An Analysis of Applied Behavior Analysis (ABA) Therapy, By Guest Blogger
Jenn Dirks, Author of Emelie’s Voice
There is a lot of discussion out there about ABA Therapy. I often get asked my views on it and whether or not we used it with Emelie. Both of those questions lead to some complicated answers. So, I thought, I’d address it and spend more time on it.
For those who are new to term ABA Therapy and what it means, that’s where I’ll start.
ABA Therapy stands for Applied Behavior Analysis Therapy. There are various types of implementation of ABA but it centers on the core philosophy of observing a client and then helping them with various techniques to better assimilate and cope in life.
Mind you, that’s a rough definition. Essentially it comes down to behavior modification. Before we go further I want to answer the biggest questions that come at me, do I think ABA Therapy works and am I for it or against it as the case may be. I think ABA is like any other therapy out there; it may or may not work for each person that attempts to use it. I am for most concepts with ABA and if it allows a client to grow and benefit from it, then by all means. It’s one of those things that I land in a grey area.
I worked with ABA Therapy briefly. I’ve seen how it can change the lives of some and make no difference in other situations. ABA is tailored for each person, using principals that will work for them. It’s a long process. Often families leave the programs they are starting as the first few weeks are tough. Everyone is getting to know each other and the client will often challenge that change.
It’s emotionally draining. It’s physically draining. It’s mentally draining. It’s psychologically draining. On everyone involved. There will be tantrums. There will be meltdowns. There will be crashes. There will be screaming. There may even be some pretty hard core stimming. It’s change and it’s daunting.
For families who observe the staff doing the therapy programs, it can often seem that they are pushing the client hard and fast. Other families listen and only get a piece of the information. It can be gut wrenching. Those who are implementing the therapy are caught in a conundrum. Show kindness and love and yet seem indifferent. Be professional and not let their emotions show. It’s a fine line and balancing act for them.
I once worked in ABA Therapy. The hardest part for me was keeping all my emotions in check all the time. I didn’t do it long. I wanted to cry when the clients suffered setbacks. I wanted to cry when there were situations beyond our control with the families and there was no way to help. I wanted to share opinions that may have crossed professional lines so I kept them to myself. In the end, I learned a lot. I also realized that it was not the job for me.
Which brings us to the part of the conversation where I answer the tricky question of did Emelie ever receive ABA Therapy. The simple answer is no. The more in depth answer is we’d be doing ABA techniques with her since she was two. The thing that surprised me most was how natural and common sense prevailed in some of the techniques.

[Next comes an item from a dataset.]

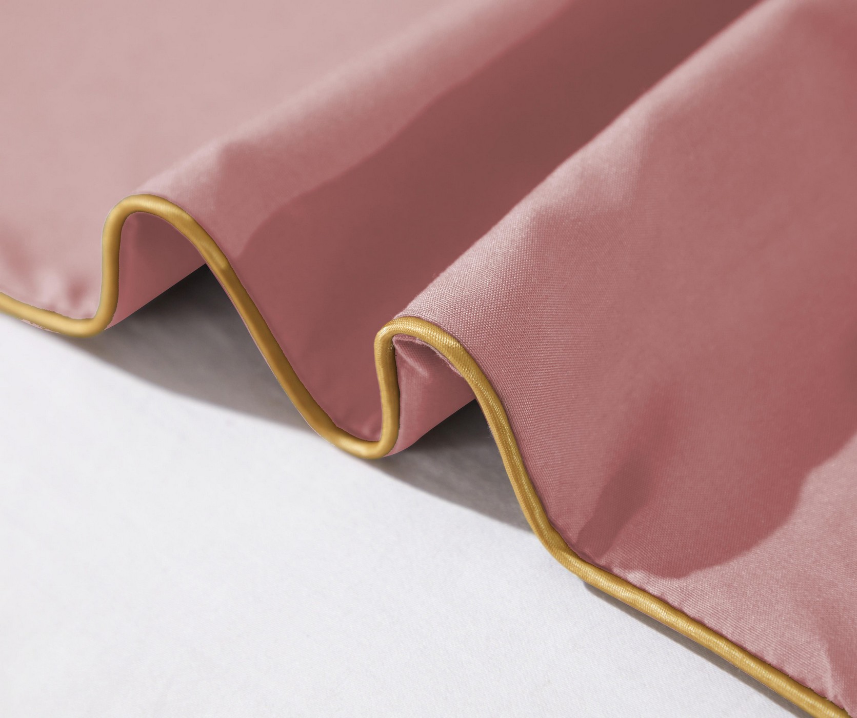 Ta pościel to doskonała propozycja dla osób, które cenią miękkość, wygodę i subtelne detale. Kolor brudnego różu w połączeniu ze złotym wykończeniem pięknie podkreśli charakter każdej sypialni.

We ignored negative behavior when we could. If necessary we would correct the behavior and move forward. We used a lot of positive reinforcement. From rewards and praise to treats. We made her earn goals to get bigger “treats”. We worked on dialog and conversation.
Example of that is, “Emelie.” Wait until she would look at us. “If I say Good Morning what do you say?” Wait a second until she responds. “Good Morning” and move on to the next question in that dialog. If she were to say nothing or ignore the statement or say something like “I like hot dogs” (which is how she did answer once) we’d repeat the whole process 1 or 2 times.
I was shocked to learn that that is an ABA technique. So we were doing what worked for Emelie. I’m not one for redirecting stims. Yet I do know that in some circumstances offering an alternative or an appropriate outlet can help them when they are older. Kids who don’t understand can be cruel and tease those that seem different.
Em’s stims are veiled stims. She is very cautious about being seen spinning and jumping as she gets older. She saves those for when she is ready to burst out of her skin and can’t release any other way. She tries to keep it for home or with close family/friends. Her stims are very subtle. So unless the stims are going to hurt her (like picking at her scalp/skin) we don’t redirect. The redirection we offer her is safe but still all hers.
Not every ABA Therapy program works for everyone. More importantly, not all ABA Therapy programs work the same way. If you are fortunate to live in an area that is serviced by more than one, if one doesn’t work the other one may. For the record, not all ABA Therapy programs redirect stims either. Some will. Some won’t. And some will take the approach we do with Em.
I’ll end with this. There is no right or wrong answer for is ABA Therapy good or bad for people on the spectrum. In my opinion, there are a lot that will benefit from ABA. Just like there is a lot that it will not benefit at all. Parents and doctors should talk and discuss the benefits and drawbacks to an ABA program before deciding whether to try it or not. If a parent really wants to try it, do the research and ask LOTS of questions. Understand what is going on. Be involved. That’s the best way to know if it’s a good idea.
For those who do choose ABA, stay involved. Ask lots of questions. Leave the therapy staff do their job and make notes of questions. Ask them afterwards. And most of all, know it isn’t always tears or screams. There is laughter and joy that can happen too. The therapy staff will rejoice with milestones met and challenges overcome right with you.